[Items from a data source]
______

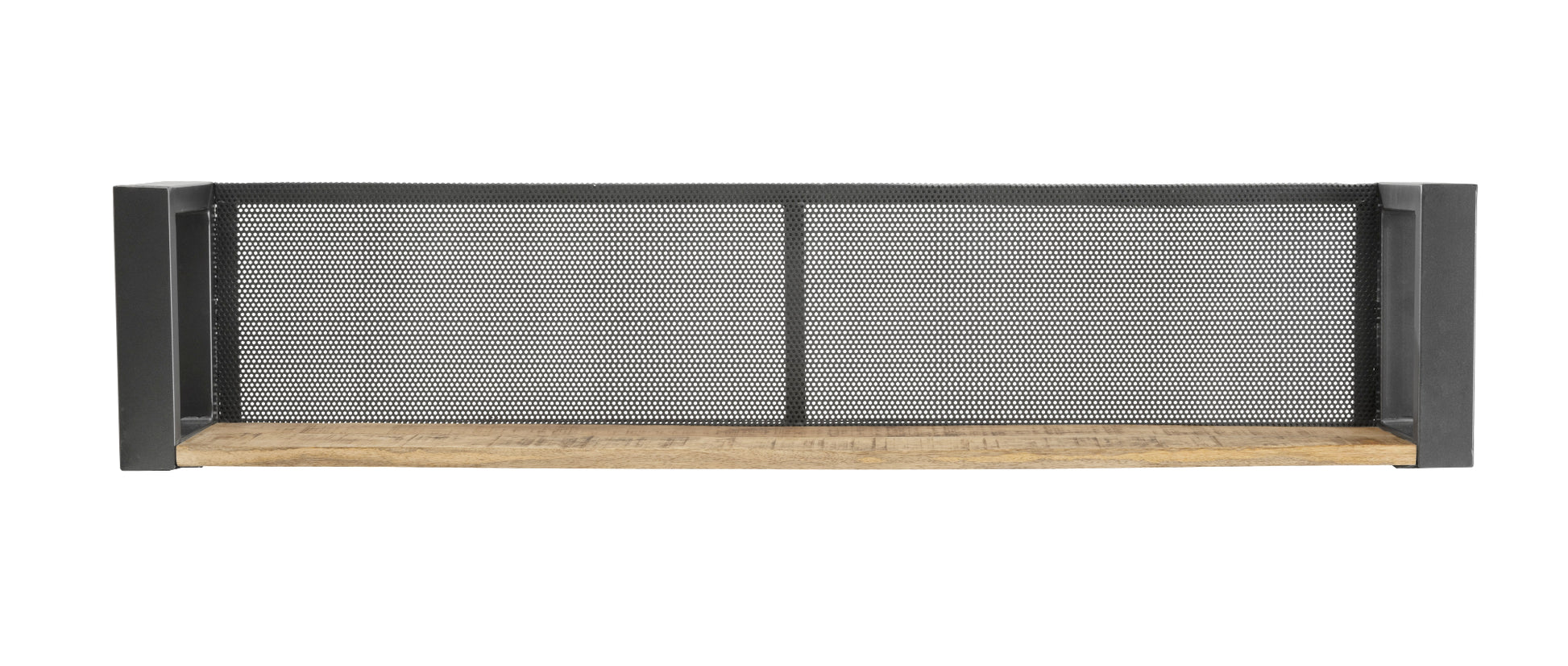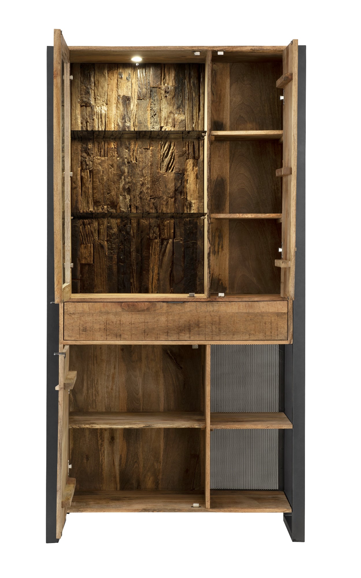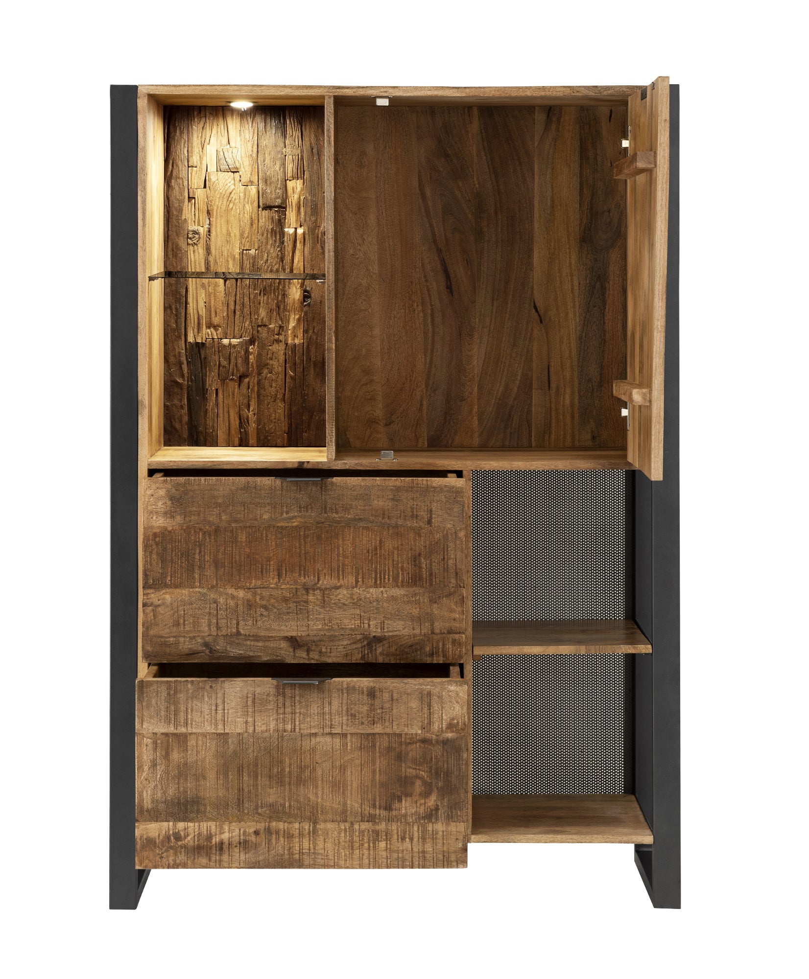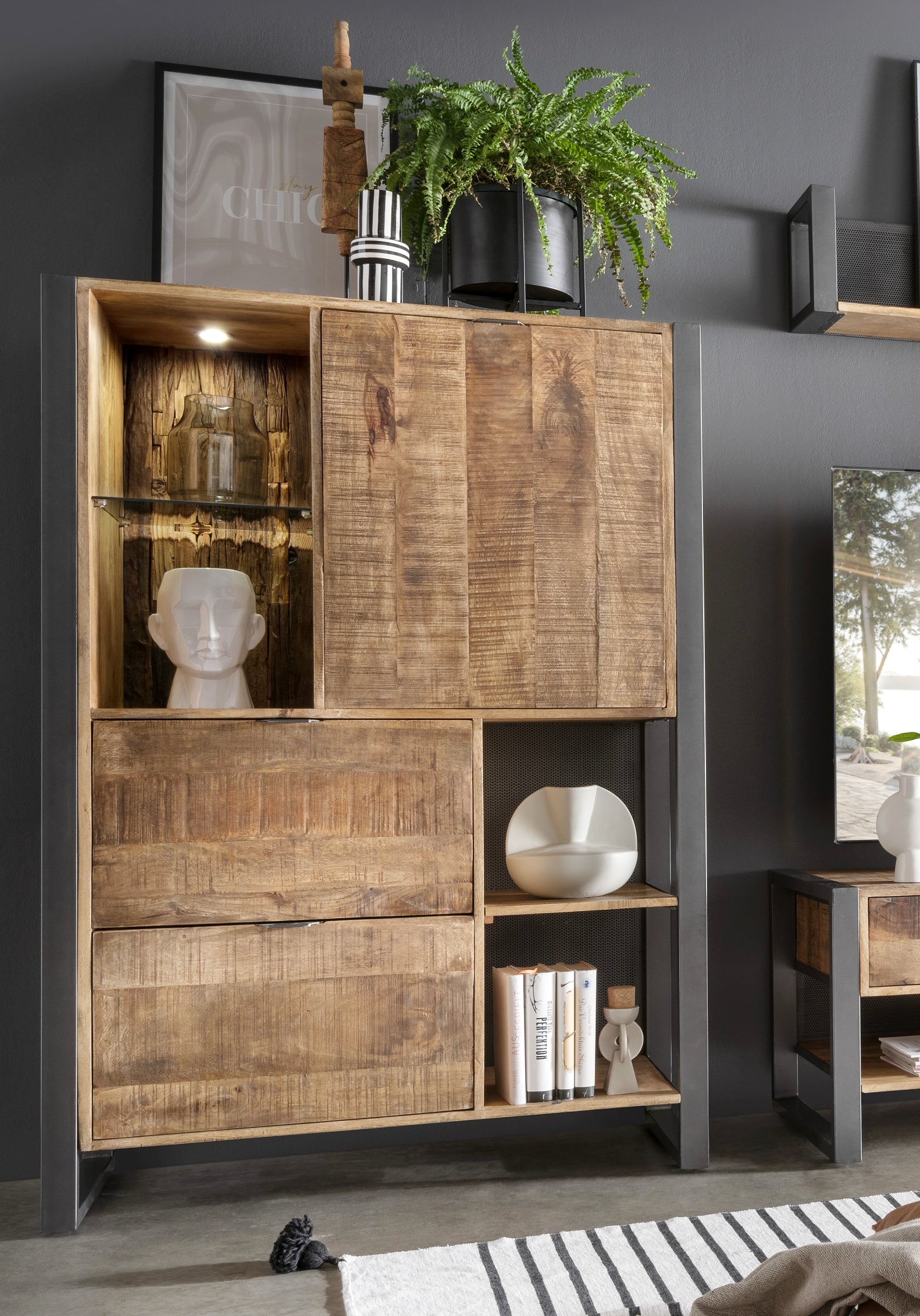 Wohnzimmer-Set inkl. Beleuchtung. Dekor aus massivem recyceltem Mangoholz multifarbig, Eisen-Lochblech-Rückwand, Metallrahmen anthrazit. Besteht aus: Highboard BxHxT (ca. 104x150x42) cm, TV-Lowboard BxHxT (ca. 129x49x49) cm, Wandregal BxHxT (ca. 119x25x20) cm, Vitrine BxHxT (ca. 104x200x42) cm.
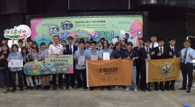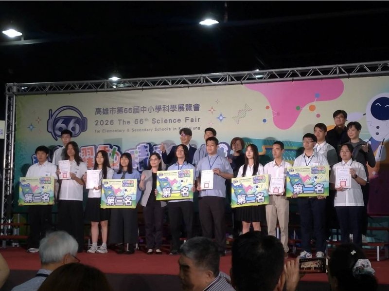 【漾新聞記者陳雯萍/高雄報導】高雄市第66屆中小學科學展覽競賽25日於駁二P2倉庫舉行頒獎典禮,立志高中再創亮眼成績,在高中職組一舉奪下13項獎項,並以總積分榮獲高級中等學校組第三名,僅次於高雄中學與高雄女中,成為全市私立高中唯一擠進前三名的學校,也保持創校以來的紀錄,展現長年深耕科學教育的豐碩成果。
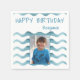 Marine Blue Waves Anniversaire de enfant Photo Napkins. Serviettes avec vagues abstraites bleues et blanches - idéal pour une fête d'anniversaire spécialement pour les garçons. Ajoutez votre nom et votre photo.
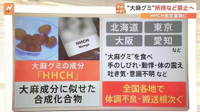 大麻成分に似せた合成化合物「HHCH」が入った“大麻グミ”などの商品が問題になっています。北海道、東京、大阪、愛知などで“大麻グミ”を食べ、手のしびれ・動悸・体の震え・吐き気・意識不明など、全国各地で体調不良・搬送が相次いで発生する事態となっています。
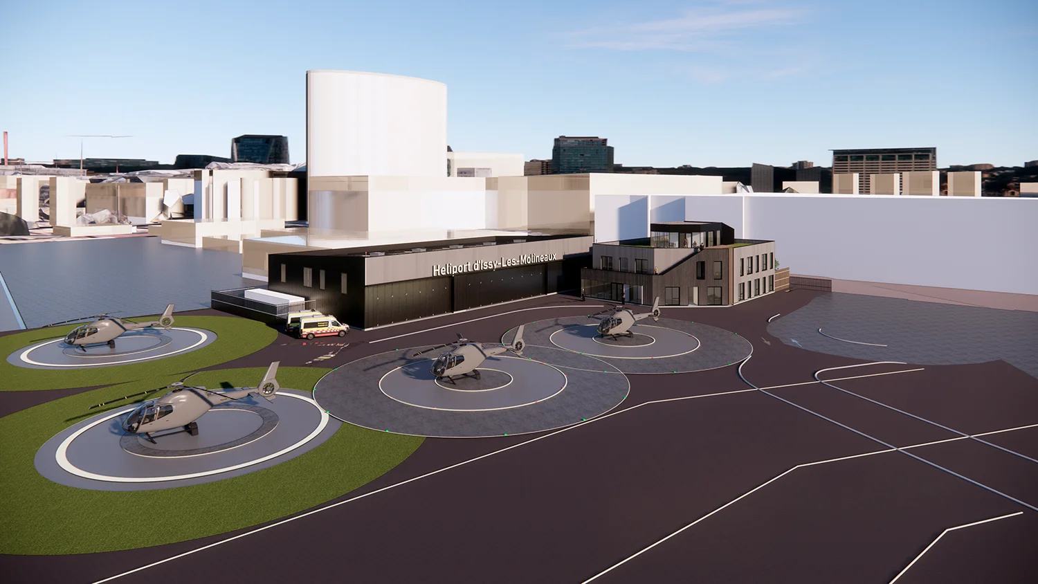 Entre 2024 et 2025, 1PAX a été mandaté par le Groupe ADP pour diriger la conception architecturale de la réorganisation et de l'extension de l'héliport de Paris à Issy-les-Moulineaux. Actuellement en cours de construction, le projet comprend un bâtiment à usage mixte intégrant des espaces intérieurs et extérieurs, combinant un héliport traditionnel, un vertiport de nouvelle génération destiné aux opérations eVTOL et un nouveau hangar pour hélicoptères. Conçu pour accueillir jusqu’à 500 000 passagers par an, le projet positionne l’héliport comme un nœud clé de l’écosystème de mobilité aérienne urbaine en pleine évolution de Paris.

______

• Exercise directions
Please set down the records above verbatim, with each picture left out.

• Task solution
 Wohnzimmer-Set inkl. Beleuchtung. Dekor aus massivem recyceltem Mangoholz multifarbig, Eisen-Lochblech-Rückwand, Metallrahmen anthrazit. Besteht aus: Highboard BxHxT (ca. 104x150x42) cm, TV-Lowboard BxHxT (ca. 129x49x49) cm, Wandregal BxHxT (ca. 119x25x20) cm, Vitrine BxHxT (ca. 104x200x42) cm.
 【漾新聞記者陳雯萍/高雄報導】高雄市第66屆中小學科學展覽競賽25日於駁二P2倉庫舉行頒獎典禮,立志高中再創亮眼成績,在高中職組一舉奪下13項獎項,並以總積分榮獲高級中等學校組第三名,僅次於高雄中學與高雄女中,成為全市私立高中唯一擠進前三名的學校,也保持創校以來的紀錄,展現長年深耕科學教育的豐碩成果。
 Marine Blue Waves Anniversaire de enfant Photo Napkins. Serviettes avec vagues abstraites bleues et blanches - idéal pour une fête d'anniversaire spécialement pour les garçons. Ajoutez votre nom et votre photo.
 大麻成分に似せた合成化合物「HHCH」が入った“大麻グミ”などの商品が問題になっています。北海道、東京、大阪、愛知などで“大麻グミ”を食べ、手のしびれ・動悸・体の震え・吐き気・意識不明など、全国各地で体調不良・搬送が相次いで発生する事態となっています。
 Entre 2024 et 2025, 1PAX a été mandaté par le Groupe ADP pour diriger la conception architecturale de la réorganisation et de l'extension de l'héliport de Paris à Issy-les-Moulineaux. Actuellement en cours de construction, le projet comprend un bâtiment à usage mixte intégrant des espaces intérieurs et extérieurs, combinant un héliport traditionnel, un vertiport de nouvelle génération destiné aux opérations eVTOL et un nouveau hangar pour hélicoptères. Conçu pour accueillir jusqu’à 500 000 passagers par an, le projet positionne l’héliport comme un nœud clé de l’écosystème de mobilité aérienne urbaine en pleine évolution de Paris.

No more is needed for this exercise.